Совещание по этому поводу состоялось в субботу, двадцать второго апреля, и к нему собравшиеся тщательно подготовились, то есть собрали все имеющиеся предложения и теперь должны были решить, какие из них имеют шансы сработать. Предложений было много и самых разных, поэтому открывший совещание Пантелеймон Кондратьевич сразу взял быка за рога:
— Я думаю, что над предложением Минпищепрома мы даже смеяться сейчас не будем: народ в стране просто не в состоянии съесть больше, чем уже съедает, а повышать цены на продукты, объявляя о том, что страна старается жизнь людям облегчить — вообще выходит за рамки здравого смысла. Но тем не менее: нам нужно решить, причем быстро, как людям предоставить товаров на тридцать миллиардов рублей до конца года и по столько же, если не больше, давать им в последующие пять лет. Лично я думаю, что идея Минрадиопрома об увеличении выпуска цветных телевизоров на миллион штук в год внимания заслуживает, но это нам даст лишний миллиард, даже меньше…
— Я провел предварительные переговоры с немцами, — тут же добавил Николай Семенович, — и они нам готовы поставить швейной продукции почти на два миллиарда рублей. В основном, конечно, синтетику, но замечу, что эти их дакроновые костюмы и осенние пальто…
— Но мы ведь им взамен что-то должны будем дать…
— Да, безусловно. Но на импортные товары у нас по закону может устанавливаться тридцатипроцентная надбавка, так что если сюда же отнести поставки обуви из Чехословакии и Болгарии, то вот еще один миллиард.
— Да миллиарда уже набираем, — хмыкнул Пантелеймон Кондратьевич, — осталось жалких двадцать восемь. При том, что все уже получаются одетыми, обутыми, сытыми и смотрящими телевизоры с вечера до утра. Еще предложения будут?
— Будут, — в разговор вступила уже я. — В любом случае мы в работе по зачистке криминальных накоплений всё выгрести не сможем, там останутся очень, очень большие суммы, и, думаю, минимум половина так называемой наличности как раз в облигации и спрятана.
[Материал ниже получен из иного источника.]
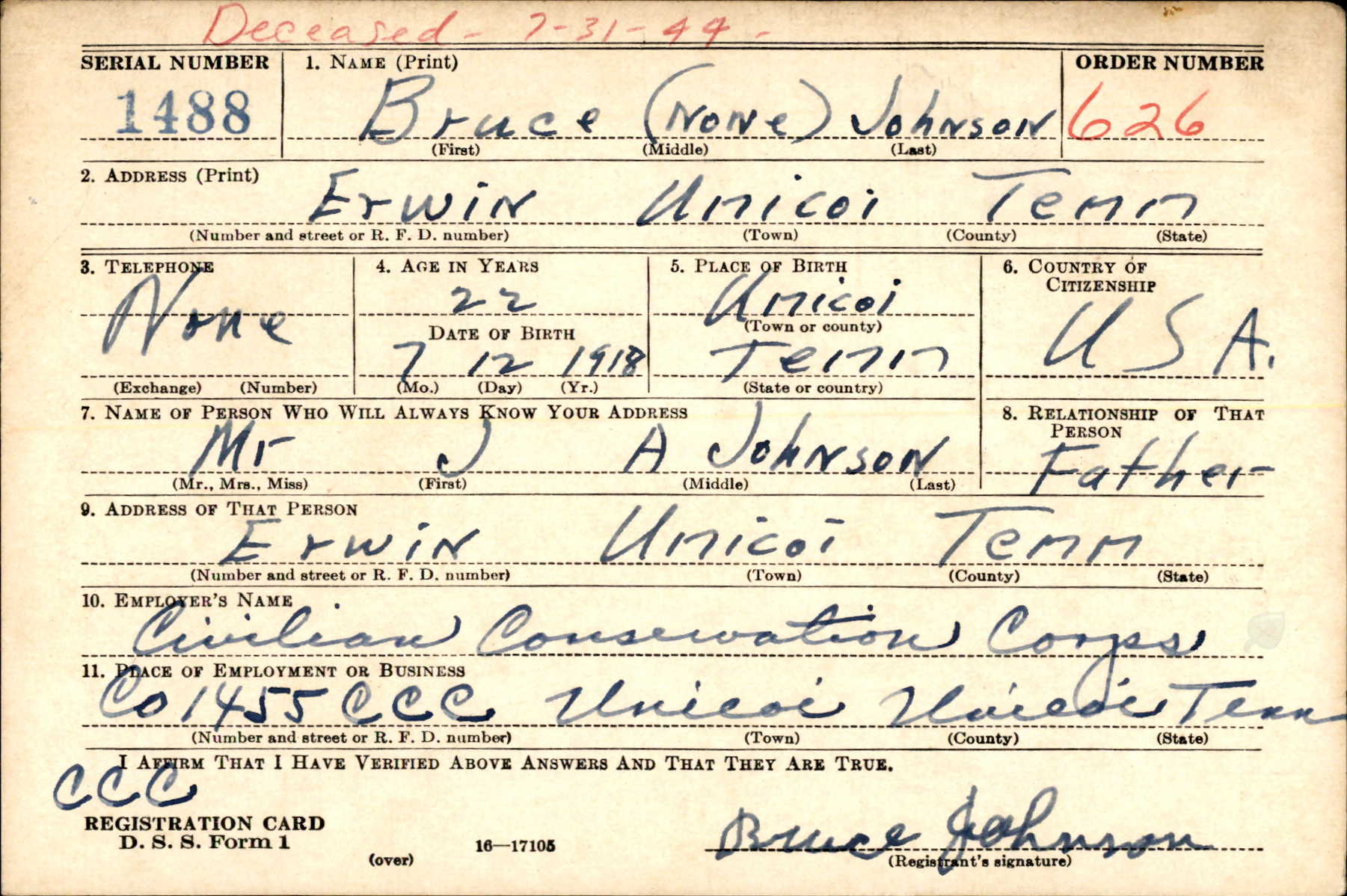 Bruce Johnson was the son of James Alexander Johnson and Minnie Marylee Furchess.

— Предложение просто выдающееся! — не удержался от комментария Пантелеймон Кондратьевич, — И что дальше?
— А полвина этой половины как раз в южных республиках и находится. Но на Юге — жарко, так что если там начать массовые продажи кондиционеров…
— Насколько массовые? — все ехидство у Пономаренко мгновенно испарилось.
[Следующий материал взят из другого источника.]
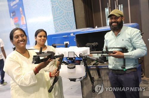 epa09979739 Drone pilots hold the Adrinet, a drone designed for spraying crops, monitoring its health or broadcast seeding, during the India Drone Festival in New Delhi, India 27 May 2022. More than 70 exhibitors are expected to participate. EPA/HARISH TYAGI

— Массовые — это действительно массовые. Сами мы, конечно, столько, сколько потребуется, кондиционеров сделать не сможем, но с помощью — существенной помощью — братских, извините за выражение, стран окажемся в состоянии выйти на уровень производства в сто тысяч бытовых кондиционеров ежемесячно.
— Сколько⁈
— Немцы могут нам в этом очень серьезно помочь: они реально могут нам поставлять по сто тысяч вентиляторных блоков…
— Не могут, — отреагировал тут же Николай Семенович, — у них просто медного провода не хватит, даже на четверть такого объема не хватит, я этот вопрос уже прорабатывал. Не про кондиционеры, конечно, а про…
— А с проводом им поможет наш большой друг товарищ Ким Ирсен. У него как раз заработал завод по производству электролизной меди, и, поскольку скоро начнется сезон дождей и электричества с ГЭС у него этому заводу месяца четыре будет хватать без вопросов, то и у немцев с проводами проблем не будет.
— А товарищ Ким сразу моторы для вентиляторов…
— У него есть электролизный завод, завод про изготовлению медного провода и химзавод, производящий лак для изоляции. А электромоторных заводов у него нет. И не будет, у него людей для работы на заводах не хватает.
— Исчерпывающе, спасибо, Светлана Владимировна. И сколько мы получим с кондиционеров?
— Я думаю — а мнением Госкомцен тут можно и нужно пренебречь — при цене в двенадцать тысяч за один кондиционер мы сможем выгребать с южных республик примерно по миллиарду в месяц. Это, конечно, немного, но хоть что-то.
— Вот за что я тебя всегда так любил, Светик, так это за скромность! — довольно рассмеялся Николай Семенович.
— Никакой скромности, все гораздо хуже. Месяца три продажи пойдут там на «ура», а потом до баев тамошних все же дойдет, что кондиционер сам по себе работать не может, ему электричество подавай. А если учесть, что один кондиционер жрет два киловатта мощности, к осени электричество там закончится совсем, а с этим и продажи рухнут.
— А вот за что я тебя, Светик, не люблю, так это за твой вечный пессимизм. Там в одном Таджикистане уже выстроили чуть ли не пять сотен небольших ГЭС…
— Общей мощностью хорошо если мегаватт на двадцать пять…
— А с кондиционерами резко вырастет спрос на малые комплектные ГЭС Большеустьинского завода, что дополнительных приварок бюджету даст. Но в целом ты, конечно, тоже права: одной электрической техникой мы людей не насытим. А что у тебя с новым автозаводом?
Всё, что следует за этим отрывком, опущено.